### What is needed
Extract, exactly and without pictures, every line from the one that includes "ОТВЕТ на задание" through the final line of the material below.

### Source data
# # # # #
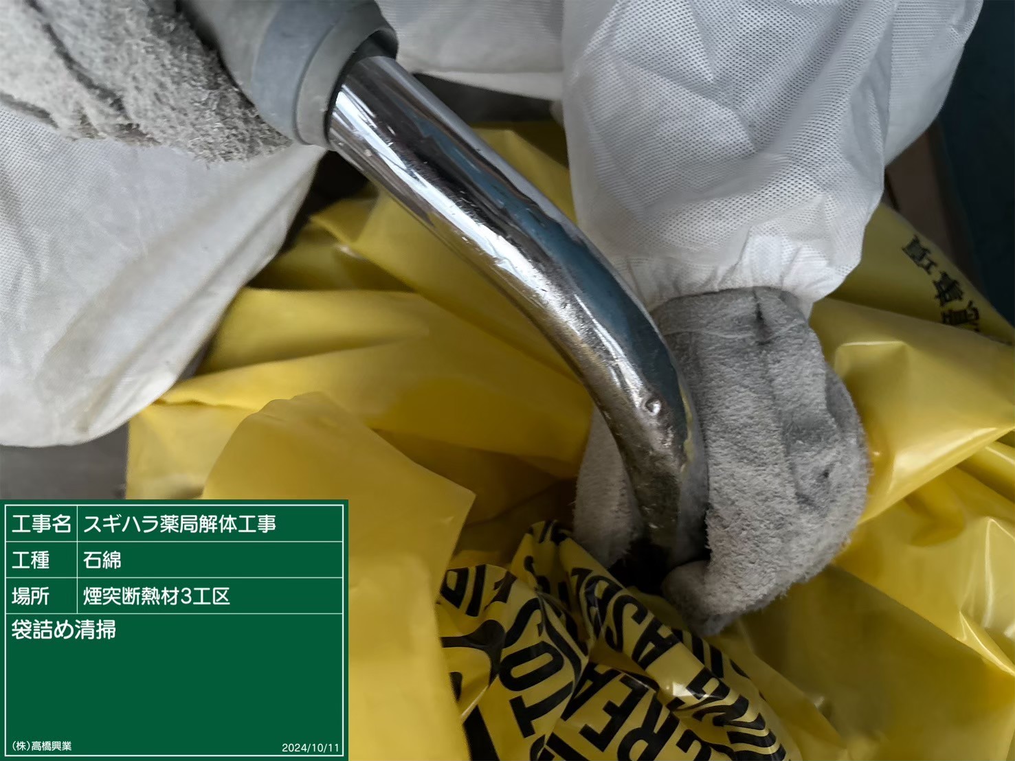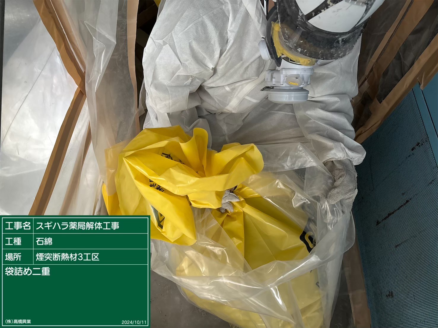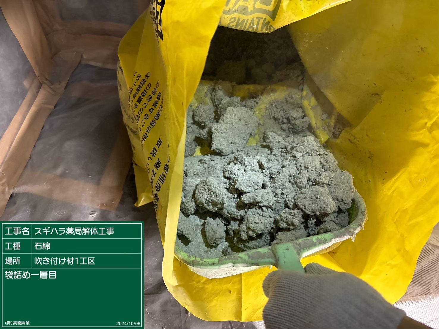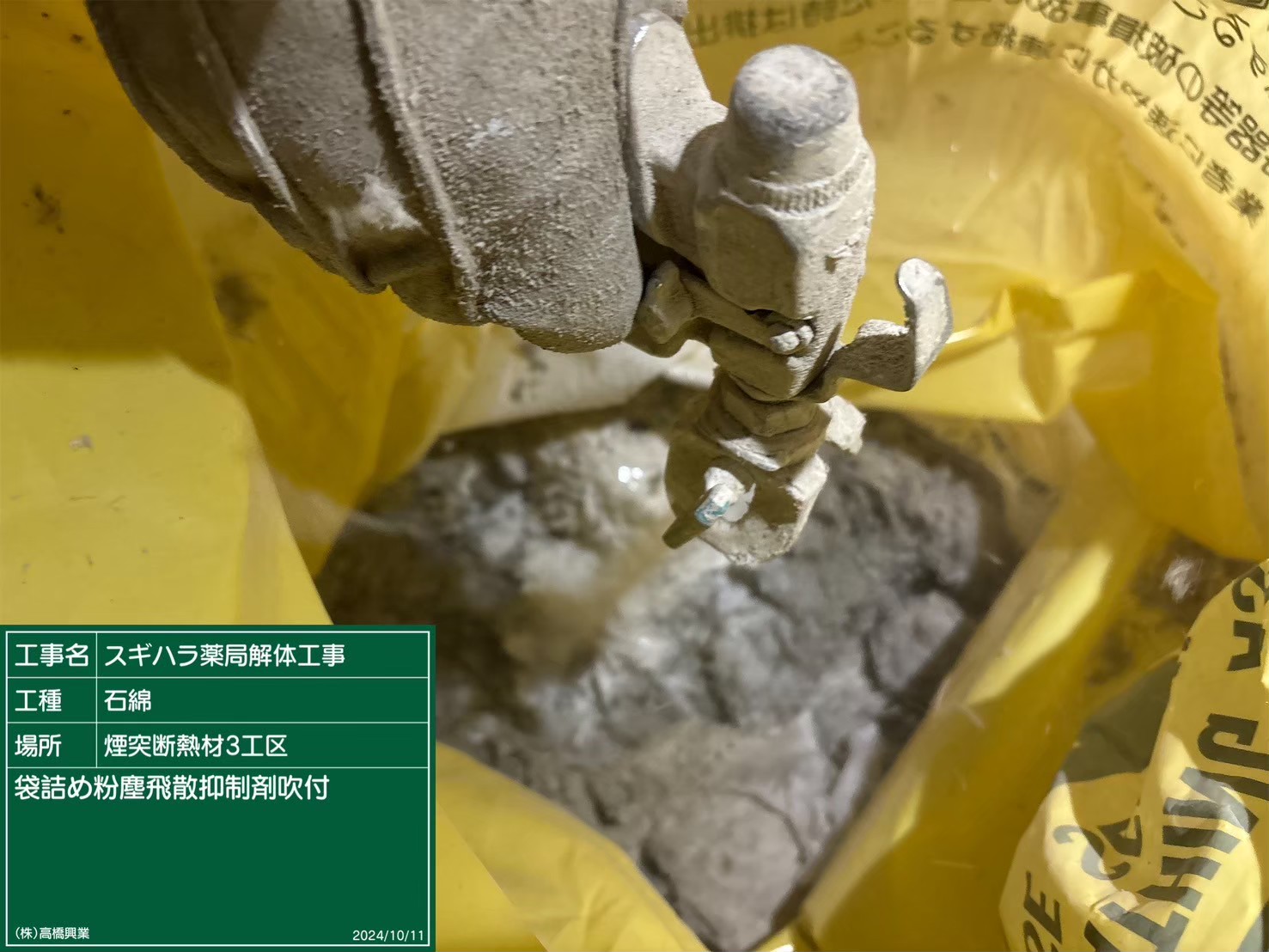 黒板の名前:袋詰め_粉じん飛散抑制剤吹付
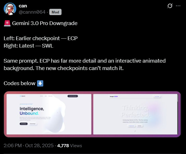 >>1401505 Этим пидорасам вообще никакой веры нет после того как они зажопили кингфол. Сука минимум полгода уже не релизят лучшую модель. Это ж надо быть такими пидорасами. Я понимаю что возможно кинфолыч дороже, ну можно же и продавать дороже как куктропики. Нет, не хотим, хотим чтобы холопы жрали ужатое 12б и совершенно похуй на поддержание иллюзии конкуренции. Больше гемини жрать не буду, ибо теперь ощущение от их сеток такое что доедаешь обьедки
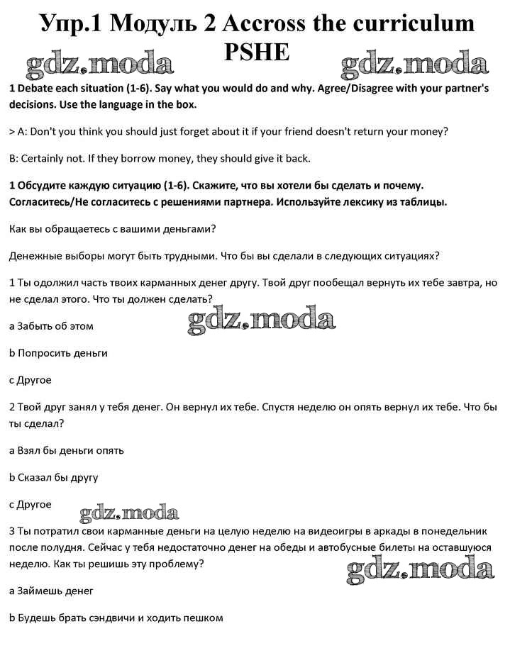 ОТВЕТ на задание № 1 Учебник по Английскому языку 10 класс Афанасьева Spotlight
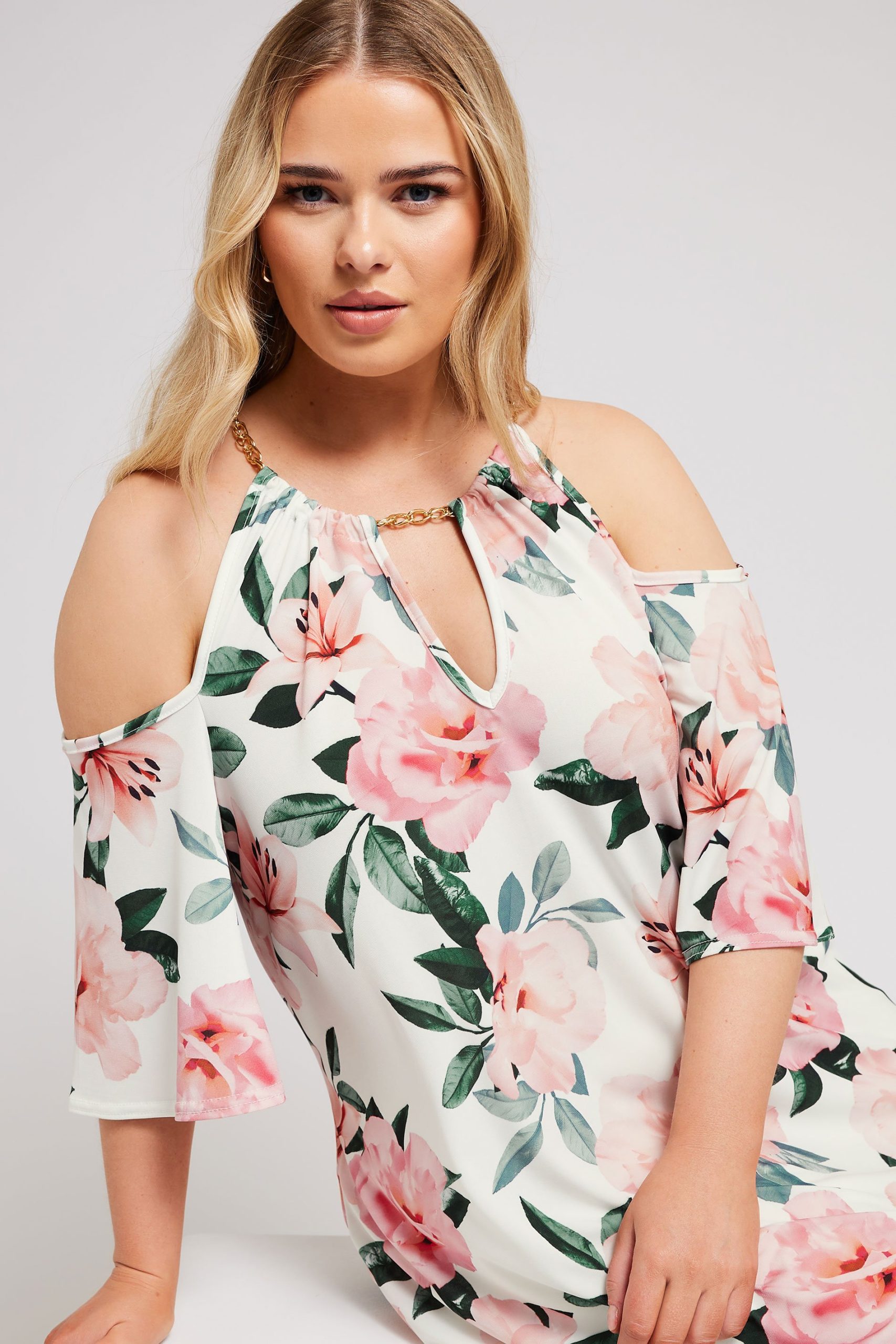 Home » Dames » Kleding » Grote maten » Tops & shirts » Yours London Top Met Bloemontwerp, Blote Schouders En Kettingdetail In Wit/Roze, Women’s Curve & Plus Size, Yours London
# # # # #
### Written solution
 ОТВЕТ на задание № 1 Учебник по Английскому языку 10 класс Афанасьева Spotlight
 Home » Dames » Kleding » Grote maten » Tops & shirts » Yours London Top Met Bloemontwerp, Blote Schouders En Kettingdetail In Wit/Roze, Women’s Curve & Plus Size, Yours London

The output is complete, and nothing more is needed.